Make sure v6 ACLs don't get into v4 nftable sets

gcoxmoz · gcoxmoz · commit 77adfb8b9e53 · 2026-03-31T19:16:48.000Z
diff --git a/netfilter_openvpn.py b/netfilter_openvpn.py
@@ -406,6 +406,10 @@ def _build_firewall_rule_iptables(self, name, usersrcip, protocol, acl):
         """
         if self.nf_framework != 'iptables':  # pragma: no cover
             raise RuntimeError('invalid call into _build_firewall_rule_iptables')
+        if self.ip_family(name) != self.ip_family(acl.address):
+            # a v4 set can't take in v6 members, and vice versa
+            # We should maybe raise here
+            return
         comment = ''
         if acl.description:
             _commentstring = f'{self.username_is}:{acl.rule} ACL {acl.description}'
@@ -440,6 +444,10 @@ def _build_firewall_rule_nftables(self, name, usersrcip, protocol, acl):
         """
         if self.nf_framework != 'nftables':  # pragma: no cover
             raise RuntimeError('invalid call into _build_firewall_rule_nftables')
+        if self.ip_family(name) != self.ip_family(acl.address):
+            # a v4 set can't take in v6 members, and vice versa
+            # We should maybe raise here
+            return
         if protocol and acl.portstring:
             dports = [int(x) for x in acl.portstring.split(',')]

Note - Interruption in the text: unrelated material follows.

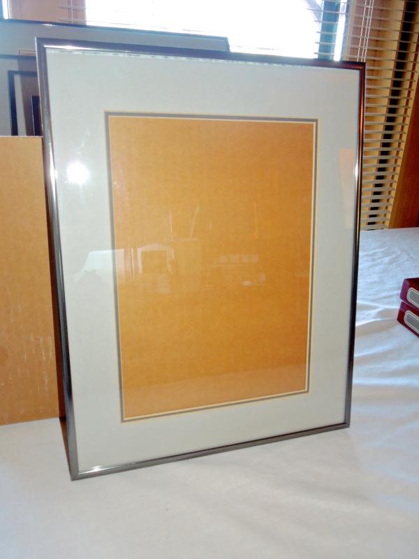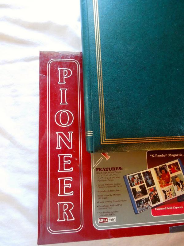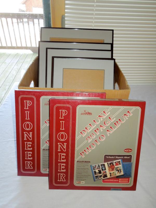 The color of frames is gunmetal. Sizes vary. Two are 14" x 12"; one is 16" x 13" and one is 15" x 17" masuring from edge of frame. Clear glass. also included are two unused leather Pioneer photo albums with 20 page inserts each. In original boxes.

             comment = None
diff --git a/test/test_netfilter_openvpn_iptables.py b/test/test_netfilter_openvpn_iptables.py
@@ -305,30 +305,38 @@ def test_30_build_fw_rule(self):
         iptables_acl1 = iamvpnlibrary.iamvpnbase.ParsedACL(
             rule='', address='5.6.7.8', portstring='80', description='')
         with mock.patch.object(self.library, 'iptables') as mock_ipt:
-            self.library._build_firewall_rule_iptables('chain1', '1.2.3.4', 'tcp', iptables_acl1)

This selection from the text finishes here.